In the proposal, he pitches a significant ownership shift between streamers like Netflix and producers. To that, a return to the shuttered Financial Interest and Syndication Rule is suggested with the hope to overturn what Voight calls “Draconian licensing terms.” In subjective terms similar to measures used in the UK and Canada, Voight and team want eligible productions to “meet a minimum threshold AMERICAN “Cultural Test”
You can read the whole proposal here.
My own opinion on this is the same as it always has been. The thing I’ve been saying repeatedly for about five years now. The solution is: MAKE BETTER MOVIES. I don’t know about the cheaper films overseas but I do know that almost no one I know even goes to the movies anymore. Surely, if movies were better, there would be higher profits, and studios wouldn’t have to worry so much about spiraling production costs. But maybe that’s a naive take. I don’t think, the way Hollywood is now, that tariffs make sense because at the moment, all of the best movies (other than Sinners) are coming from overseas. So does that mean we just won’t get them anymore? Bad plan.
I will say that international features released here don’t make money either. Nothing makes money now (except Sinners and IP franchise movies, sequels or remakes).
To make better movies, Hollywood needs a DOGE—fire everyone. Hire people who can make movies. Hire people who know how to make them, know how to write them, and how to direct them. Stop trying to fix the world with social justice. Dogma does not belong in art or the film business. Get it out. Do what they did in the 1950s when the Hays Code was choking the life out of movies: get rid of the “woke” code. That will mean getting over yourselves. You are not superior to the other half of the country.
I continue to find it odd and unsettling that the Left of this country acts as though they won the election or at least is in denial that Trump won. It is like the last Civil War when the South refused to give up its utopian bubble. When the people speak up, those at the top should listen to them, in politics and Hollywood.
Or, at the very least, don’t take anything away but add to what is already there. Something has to change.
I imagine Trump will back off the tariffs. His method is to start the bid by asking for too much, then wait for negotiations and scale back—the art of the deal.
From Jeff Wells at Hollywood-Elsewhere:
After freaking out most of Hollywood last night with a pledge to impose a 100% tariff on foreign-made films, Orange Plague[the twice-elected president] has been softening his stance or, if you will, turning tail. Which is good!
Earlier today Variety‘s Pat Saperstein reported that President Trump told White House journos that he would meet with Hollywood film honchos to discuss his tariff plan, but that he’s “not looking to hurt the industry…I want to help the industry…I want to make sure they’re happy with it, because we’re all about jobs.” In other words, he was preparing to cave.

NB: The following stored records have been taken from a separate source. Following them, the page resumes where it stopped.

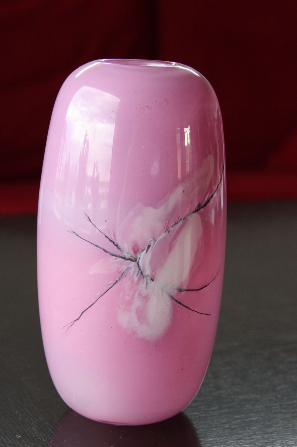 Den fine rosa vasen min, laget av Hadelandkunstneren Severin Brørby, og med kunstnerens signatur risset inn i bunnen, har fått plass på bordet (i alle fall fram til jentene kommer hjem!). Sånt kan man altså finne på Nattåpent i byen, hvis man tar seg tid til å titte innom noen av bodene man går forbi… 🙂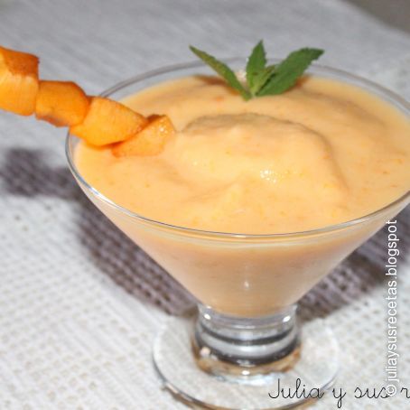 Lo batimos bien y lo servimos inmediatamente con brochetas de melocotón y plátano.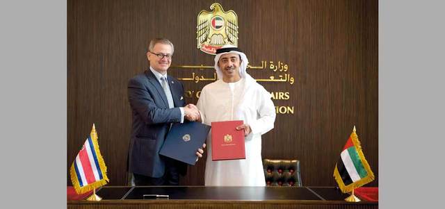وقال سموه، إنه «مع توقيع اتفاقية النقل الجوي بين البلدين خلال زيارتي إلى كوستاريكا في شهر فبراير الماضي، فإننا نتطلع إلى تزايد نمو التبادل الاقتصادي والتجاري بين البلدين». جاء ذلك في بيان مشترك، صدر بعد اجتماع عقده سموه مع وزير خارجية كوستاريكا مانويل غونزاليس سانز، في ديوان عام الوزارة بأبوظبي.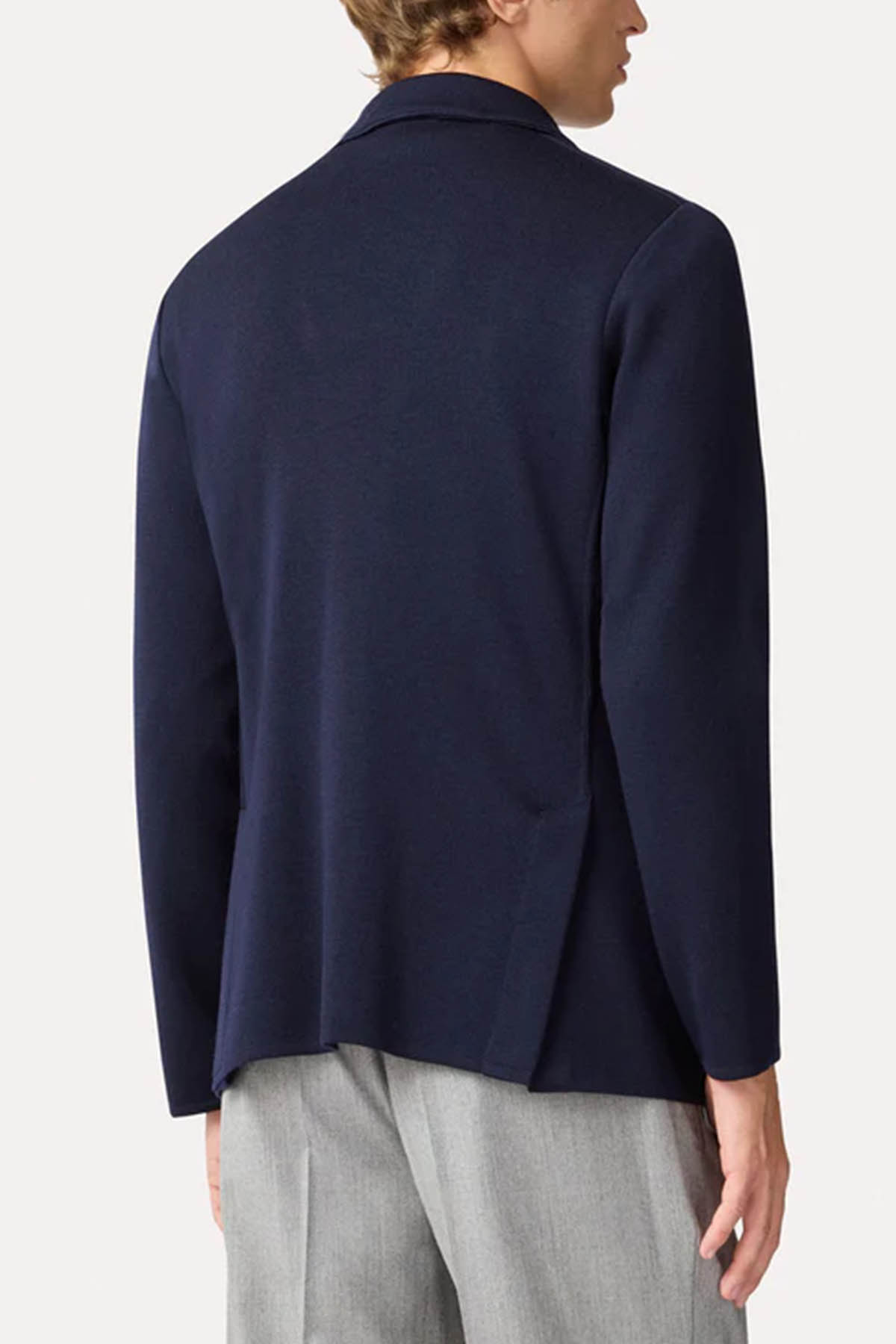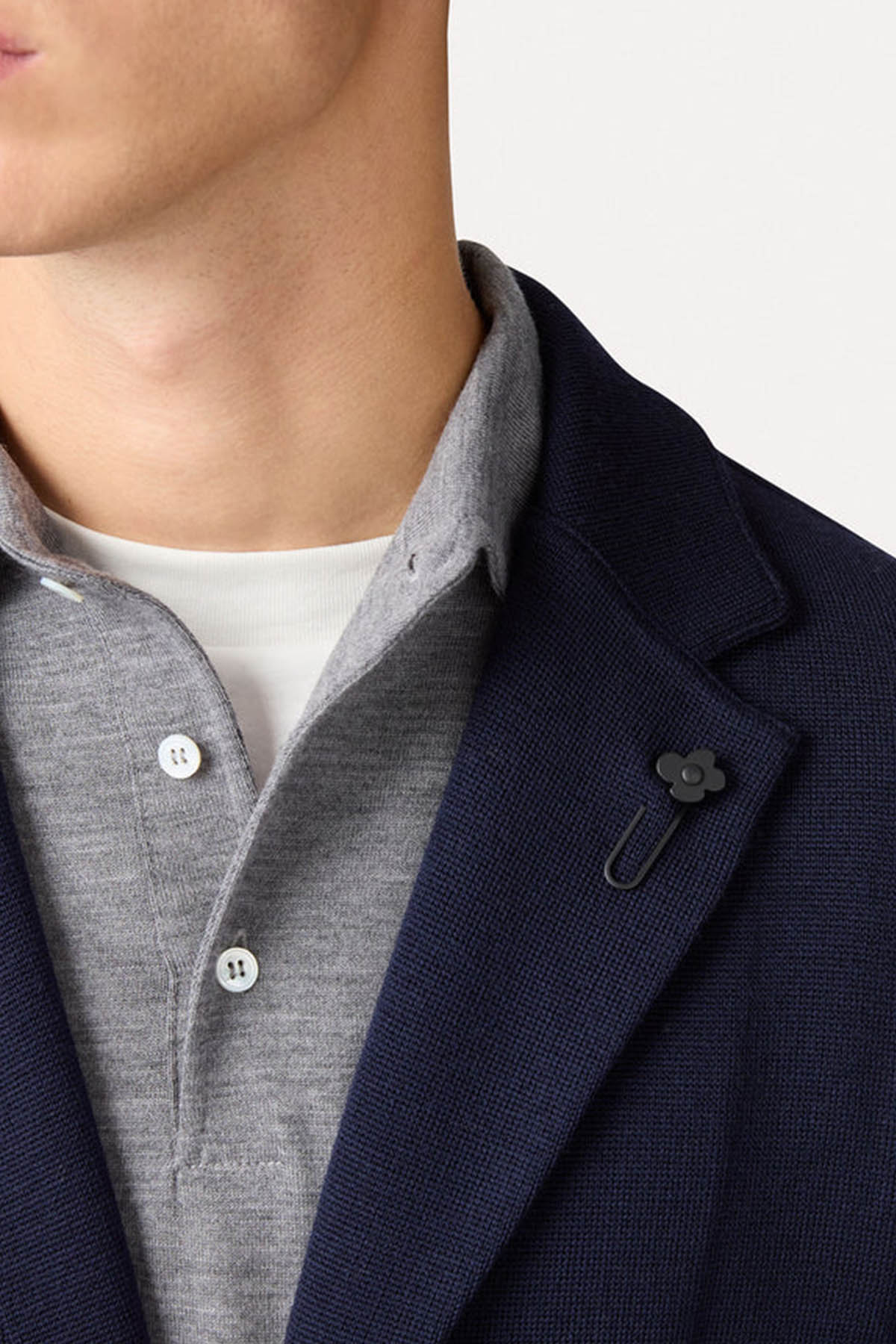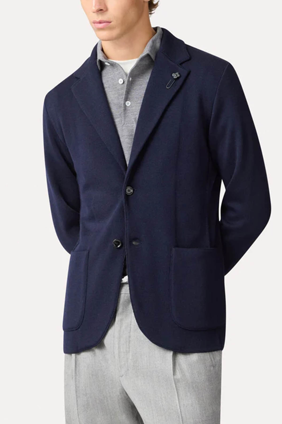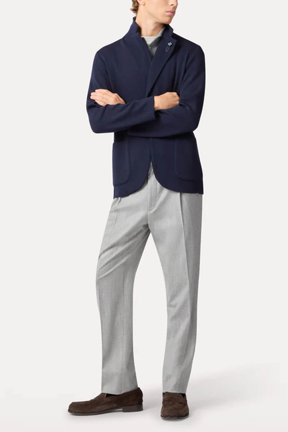 Single-breasted, two-button jacket with side panels, patch pockets, and side vents, crafted from exclusive Lardini fabric, 100% carded cashmere with an irregular ribbed finish and buttonless cuffs.

And now Variety‘s Gene Maddaus has just reported that Jon Voight, whose Sunday (5.4) visit with Trump at Mar a Lago riled things up as well as incited the tariff pledge…Voight, says Maddaus, is doing what he can to turn down the heat on this story while trying to to sound like a measured, sensible MAGA guy with a plan.
Voight and producing partner Steven Paul told Maddaus that they have submitted to President Trump “a comprehensive” plan to rescue the entertainment industry.”
Maddaus: “The plan includes federal incentives for production and post-production, as well as infrastructure subsidies for theater owners, job training, and other changes to the tax code. The plan also calls for tariffs in ‘certain limited circumstances.’”
“The President loves the entertainment business and this country, and he will help us make Hollywood great again,” Voight said in a statement.
In short, Trump has apparently decided to back away from the hardcore tariff thing, and Voight is setting the stage for that extremely welcome capitulation.
I think this is potentially a good thing for Hollywood. We can’t just sit on our hands.